Thursday, June 7, 2012

Michigan State House panel OKs new abortion rules


Lansing (Detroit News) — A state House committee Thursday morning advanced a package of bills that would impose new regulations on abortion providers.


House Bills 5711, 5712 and 5713 require abortion clinics to be licensed surgical centers, outline new requirements for disposing of the remains of aborted fetuses and make it crime to coerce a woman into having an abortion.


Rep. Bruce Rendon, R-Lake City, said abortion clinics should be held to the same cleanliness standards as free-standing surgical facilities.


The bills also would prohibit doctors from administering a drug-induced early abortion by speaking with a patient via an Internet camera — a practice abortion opponents claim has popped up in other states.


"This disturbing practice should end," said Rendon, who sponsored House Bill 5711, the main abortion regulation legislation.


During testimony on the bill Thursday morning, Edward Rivet, legislative director of Right to Life of Michigan, referred to the practice as a "webcam abortion."

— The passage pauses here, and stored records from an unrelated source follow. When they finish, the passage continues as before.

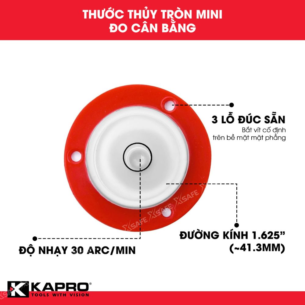 Thước có thiết kế nhỏ gọn dạng bullseye, Kapro 240 cho phép cân bằng theo mọi hướng. Các vạch màu đen rõ nét giúp người dùng dễ dàng quan sát và đọc kết quả nhanh chóng, ngay cả trong điều kiện làm việc liên tục.
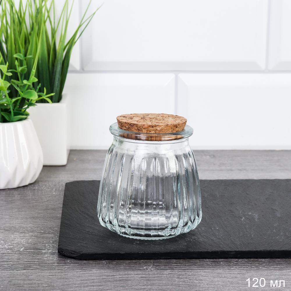 Банка для сыпучих пробокая крышка 120 мл / RB100 /уп 120/рельефная
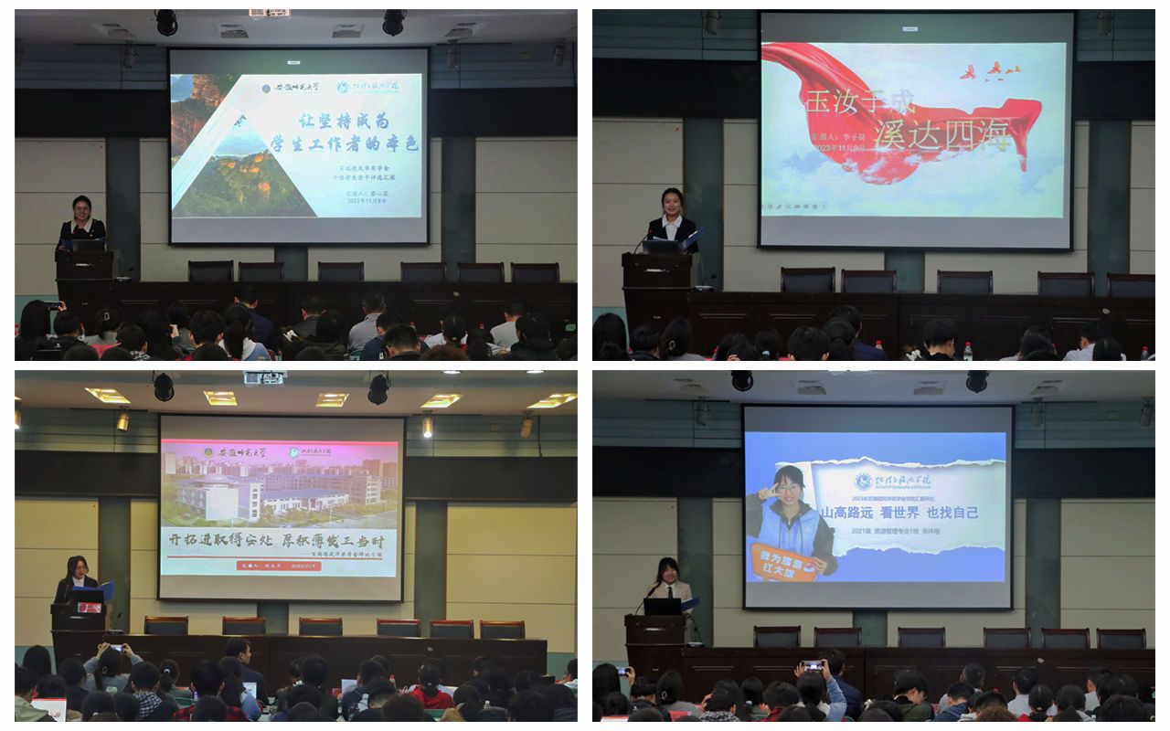 “心有旷野,璞玉自耀”。汇报开始,李钰莹为大家宣读beat365英国官方网站百瑞德风华奖学金暨“十佳学生骨干”评选办法。经学生申请、班级推荐和学院初审,共有24名来自各专业的学生脱颖而出进入汇报评比环节。汇报人依次进行PPT现场汇报展示,声情并茂地讲述自己的学习历程、实践经历、心得体会、个人风采以及对未来的展望,用实干描绘未来蓝图,借奋斗续写时代华章,赢得了全场喝彩。
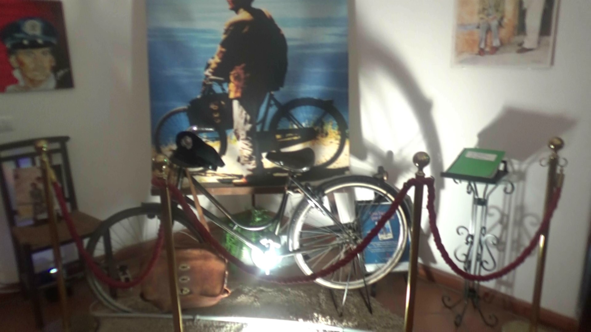 Immancabile, e non poteva essere altrimenti, la bicicletta usata dal personaggio di Mario Ruoppolo, con il berretto e la borsa posati sul manubrio. Di lato, il copione tratto dal romanzo dello scrittore cileno Antonio Skàrmeta: ‘Ardente Paciencia’, tradotto in italiano ne ‘Il postino di Pablo Neruda’.
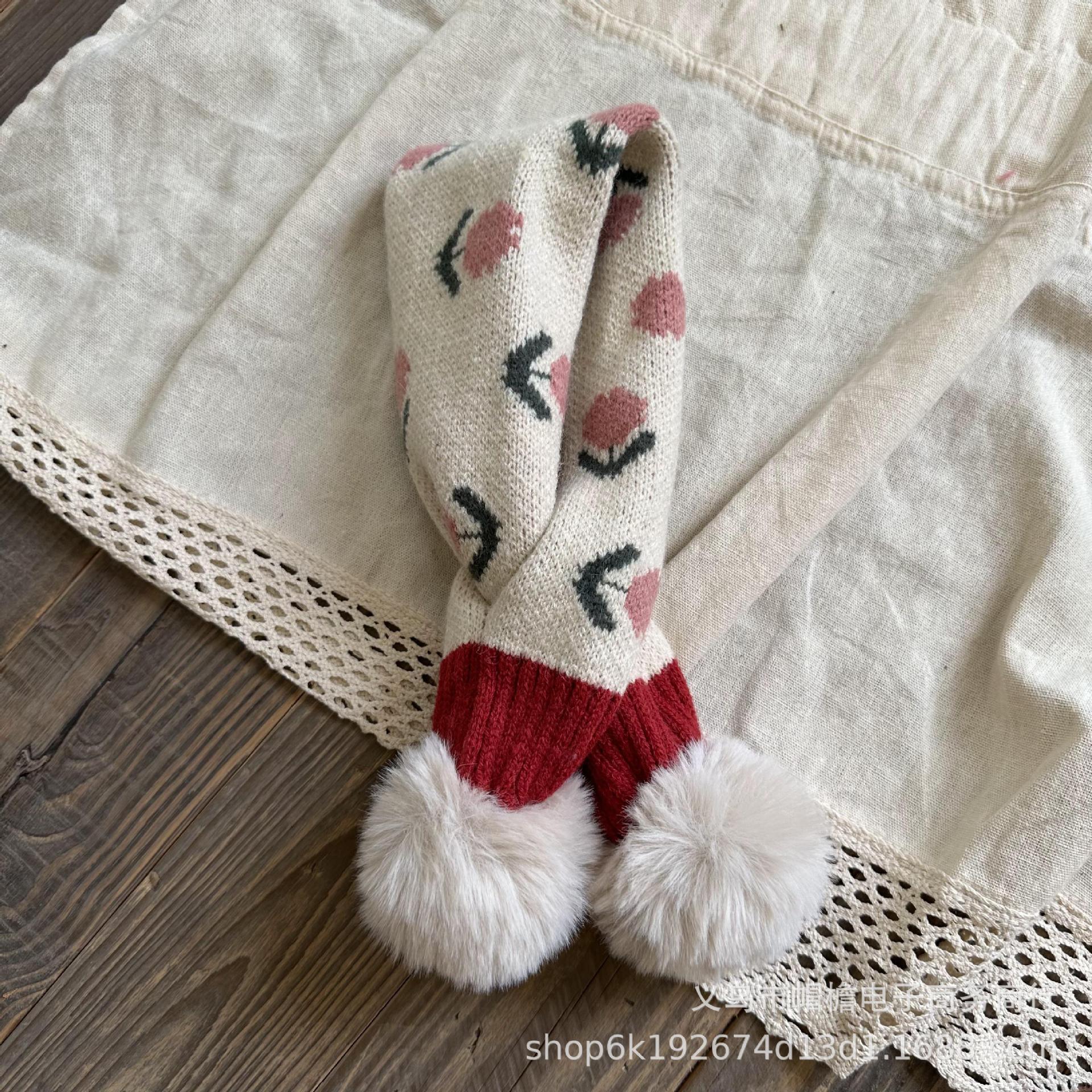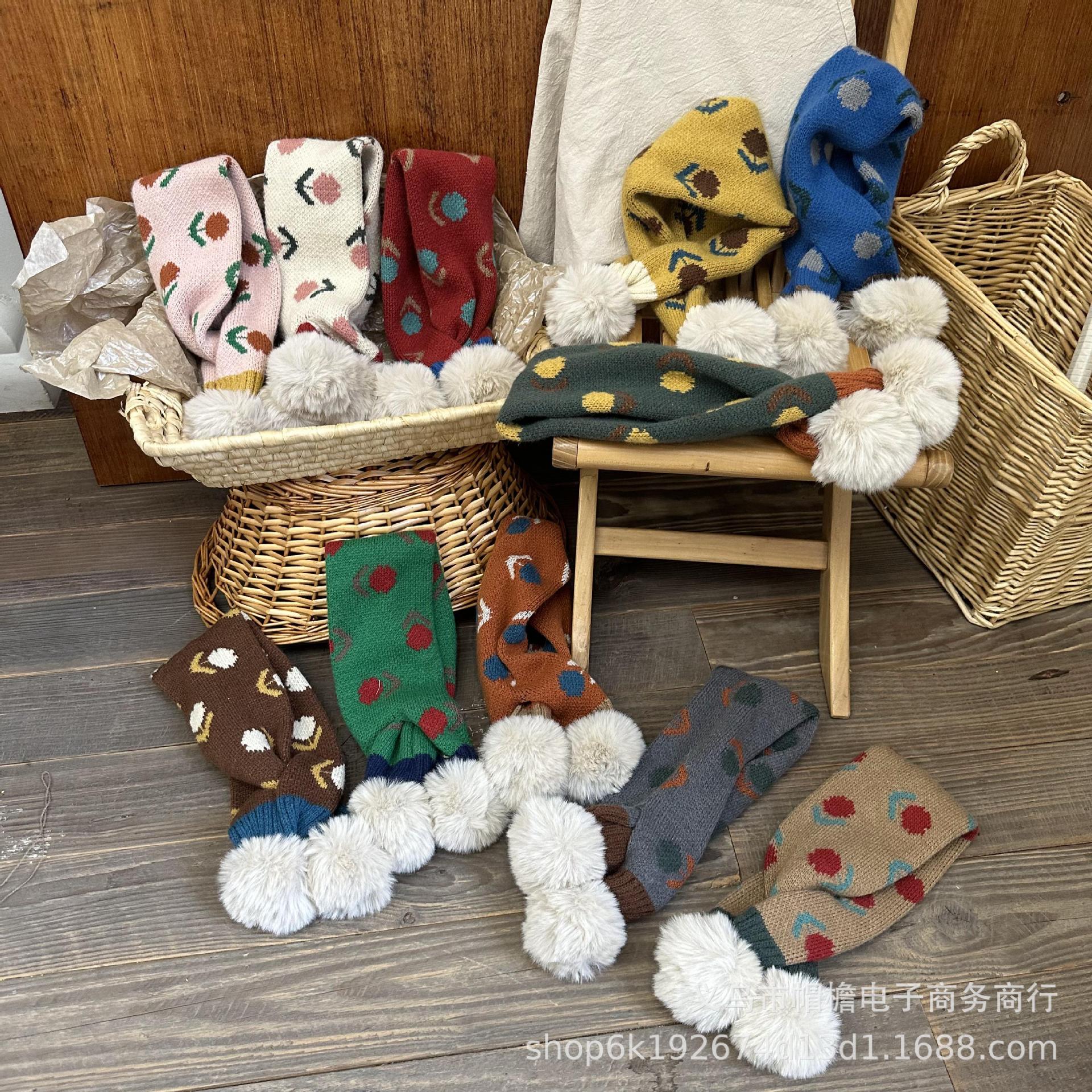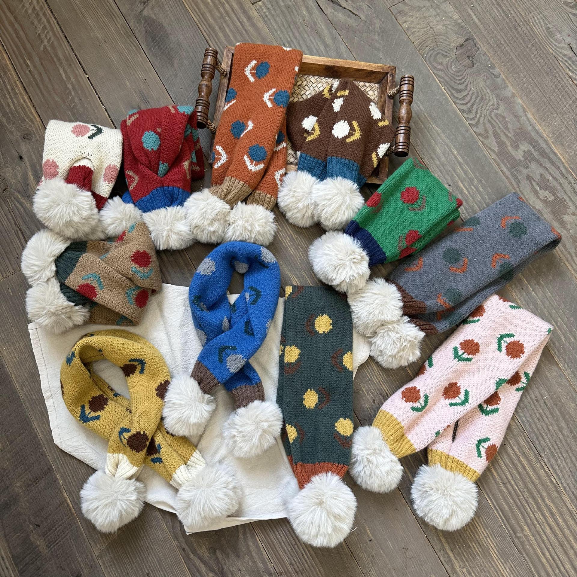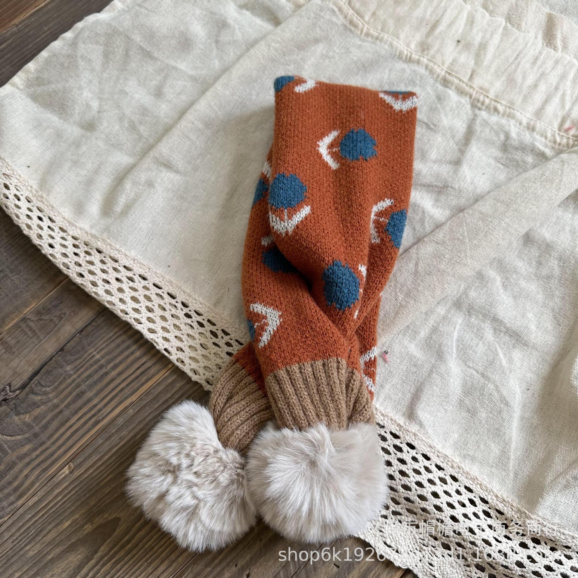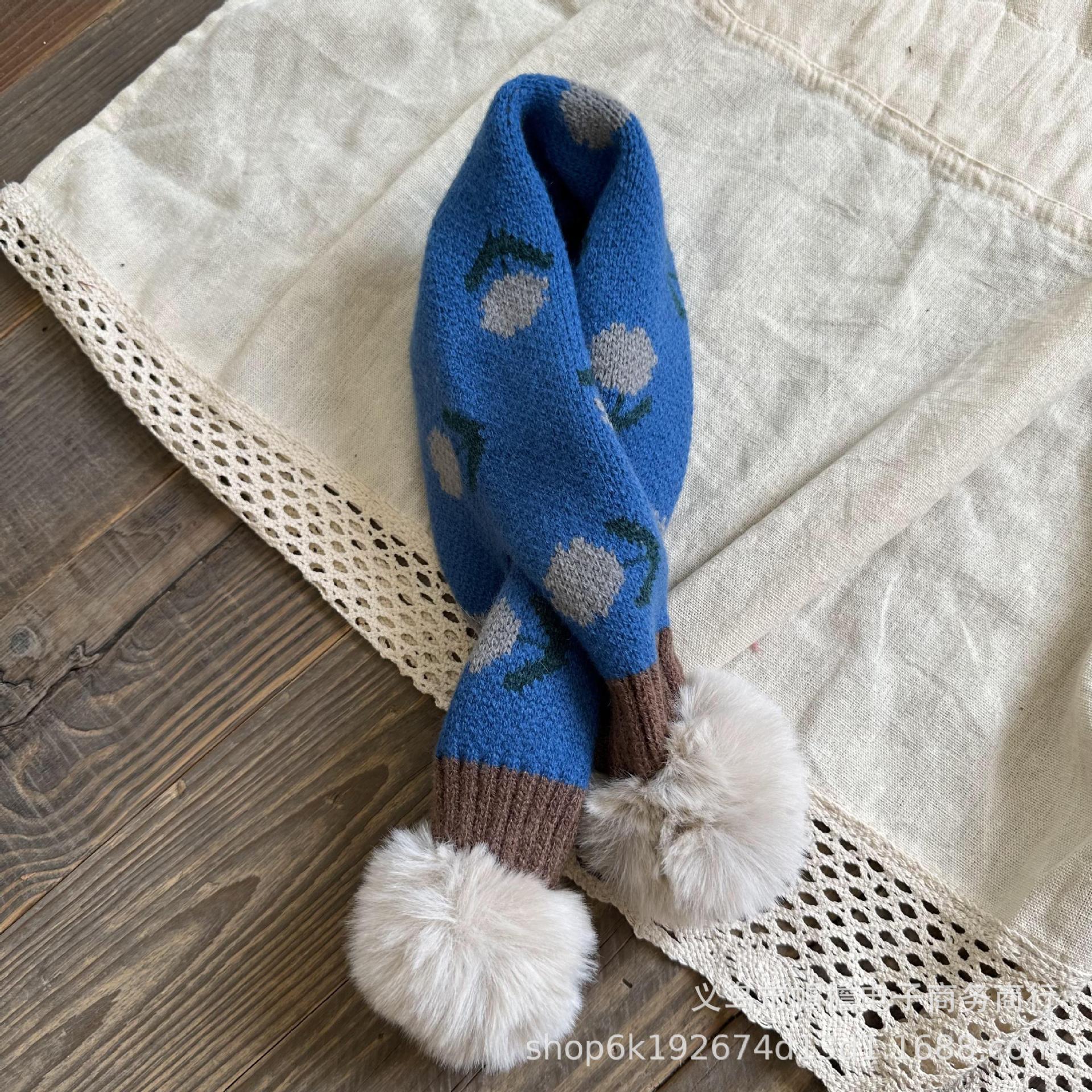 달콤한 복고풍 아기 모피 볼 크로스 스카프 가을과 겨울 야외 따뜻한 어린이 니트 작은 신선한 꽃 스카프스토어 가기

Rep. Jimmy Womack, a Detroit Democrat and physician, sought to correct Rivet during the hearing.


"There's no such thing as a webcam abortion," said Womack, a former board member of Planned Parenthood's southeast Michigan affiliate. "The webcam can't do the abortion."


In written testimony, the head of Planned Parenthood Mid and South Michigan said the bills place "burdensome requirements" on women's health care clinics that only dispense oral abortion medication to upgrade their facilities to handle surgical abortions they do not perform.


"Women rightfully don't turn to politicians for advice about mammograms, prenatal care or cancer treatments," said Lori Lamerand, president and CEO of Planned Parenthood Mid and South Michigan. "Politicians should not be involved in a woman's personal medical decisions about her pregnancy."


The Republican-controlled House Health Policy Committee passed the bills over the objections of physicians who say additional malpractice insurance could force some obstetricians and gynecologists to leave the state.


"It's open season on us," said Dr. Matthew Allswede, a Lansing ob/gyn who testified on behalf of the American Congress of Obstetricians and Gynecologists.


Dr. Timothy Johnson, an ob/gyn at the University of Michigan's Von Voigtlander Women's Hospital in Ann Arbor, said he's opposed to women being coerced into having an abortion, but said the bill's language is too broad and interferes with the confidential nature of doctor-patient relationships.


"Women are much more likely to be coerced by abusive partners to have a pregnancy" than abort the pregnancy, Johnson said.


The bills, which passed on margins of 13-5 and 13-4, head to the full House for debate. It's unclear whether House Republicans will schedule a vote on the bills before next week's planned summer adjournment.

1 comment:

  1. I love the contradiction in conservative logic: In matters of economic policy and economic equality, they are always calling for "smaller/limited government" and "hand off." But when it comes to matter of social policy such as marriage, abortion, end-of-life decisions, etc., they have no problem leveraging the power of government to interfere with the private decisions of individuals.